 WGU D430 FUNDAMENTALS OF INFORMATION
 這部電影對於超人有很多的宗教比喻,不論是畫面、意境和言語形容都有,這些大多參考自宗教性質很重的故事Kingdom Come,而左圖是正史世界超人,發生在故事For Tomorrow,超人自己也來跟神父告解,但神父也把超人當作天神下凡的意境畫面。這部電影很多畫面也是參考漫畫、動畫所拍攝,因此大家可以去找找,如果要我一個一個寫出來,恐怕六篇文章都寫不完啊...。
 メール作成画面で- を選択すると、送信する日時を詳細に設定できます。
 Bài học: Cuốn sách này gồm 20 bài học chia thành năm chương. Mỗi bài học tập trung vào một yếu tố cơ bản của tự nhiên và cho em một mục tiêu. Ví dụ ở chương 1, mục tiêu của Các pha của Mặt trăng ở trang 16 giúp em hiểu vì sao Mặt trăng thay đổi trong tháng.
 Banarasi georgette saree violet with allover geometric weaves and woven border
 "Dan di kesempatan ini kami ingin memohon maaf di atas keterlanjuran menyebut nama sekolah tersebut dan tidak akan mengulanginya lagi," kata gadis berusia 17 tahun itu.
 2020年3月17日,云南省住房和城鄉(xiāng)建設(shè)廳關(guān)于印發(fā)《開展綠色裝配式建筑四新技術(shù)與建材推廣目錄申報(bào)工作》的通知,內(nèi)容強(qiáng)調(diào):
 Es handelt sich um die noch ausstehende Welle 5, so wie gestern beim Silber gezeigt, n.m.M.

***

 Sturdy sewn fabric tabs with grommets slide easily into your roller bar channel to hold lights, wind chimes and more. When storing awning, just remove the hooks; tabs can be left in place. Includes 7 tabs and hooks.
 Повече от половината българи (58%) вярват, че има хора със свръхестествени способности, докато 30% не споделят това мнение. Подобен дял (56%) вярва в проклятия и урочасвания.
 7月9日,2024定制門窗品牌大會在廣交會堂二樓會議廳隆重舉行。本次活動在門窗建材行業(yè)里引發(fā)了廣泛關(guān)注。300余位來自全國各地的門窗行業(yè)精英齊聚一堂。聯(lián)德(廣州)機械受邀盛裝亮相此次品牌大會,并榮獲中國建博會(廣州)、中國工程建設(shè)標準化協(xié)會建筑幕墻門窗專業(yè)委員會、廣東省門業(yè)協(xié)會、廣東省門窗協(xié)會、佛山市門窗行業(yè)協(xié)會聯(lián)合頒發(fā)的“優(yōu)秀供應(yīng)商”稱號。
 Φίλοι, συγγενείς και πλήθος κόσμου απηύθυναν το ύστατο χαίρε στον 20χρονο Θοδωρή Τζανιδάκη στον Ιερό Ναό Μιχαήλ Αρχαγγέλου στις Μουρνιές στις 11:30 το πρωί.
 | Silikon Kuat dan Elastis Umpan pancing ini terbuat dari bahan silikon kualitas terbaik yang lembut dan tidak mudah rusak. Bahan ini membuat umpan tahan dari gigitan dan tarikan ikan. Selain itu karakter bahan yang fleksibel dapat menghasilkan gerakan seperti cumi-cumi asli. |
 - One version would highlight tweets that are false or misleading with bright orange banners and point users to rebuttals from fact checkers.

***

Task: Retype only the stretch of lines above starting at the one with "cumi-cumi asli. |" and stopping at the one with "- One version", exactly as written, with both kept.

Solved problem:
 | Silikon Kuat dan Elastis Umpan pancing ini terbuat dari bahan silikon kualitas terbaik yang lembut dan tidak mudah rusak. Bahan ini membuat umpan tahan dari gigitan dan tarikan ikan. Selain itu karakter bahan yang fleksibel dapat menghasilkan gerakan seperti cumi-cumi asli. |
 - One version would highlight tweets that are false or misleading with bright orange banners and point users to rebuttals from fact checkers.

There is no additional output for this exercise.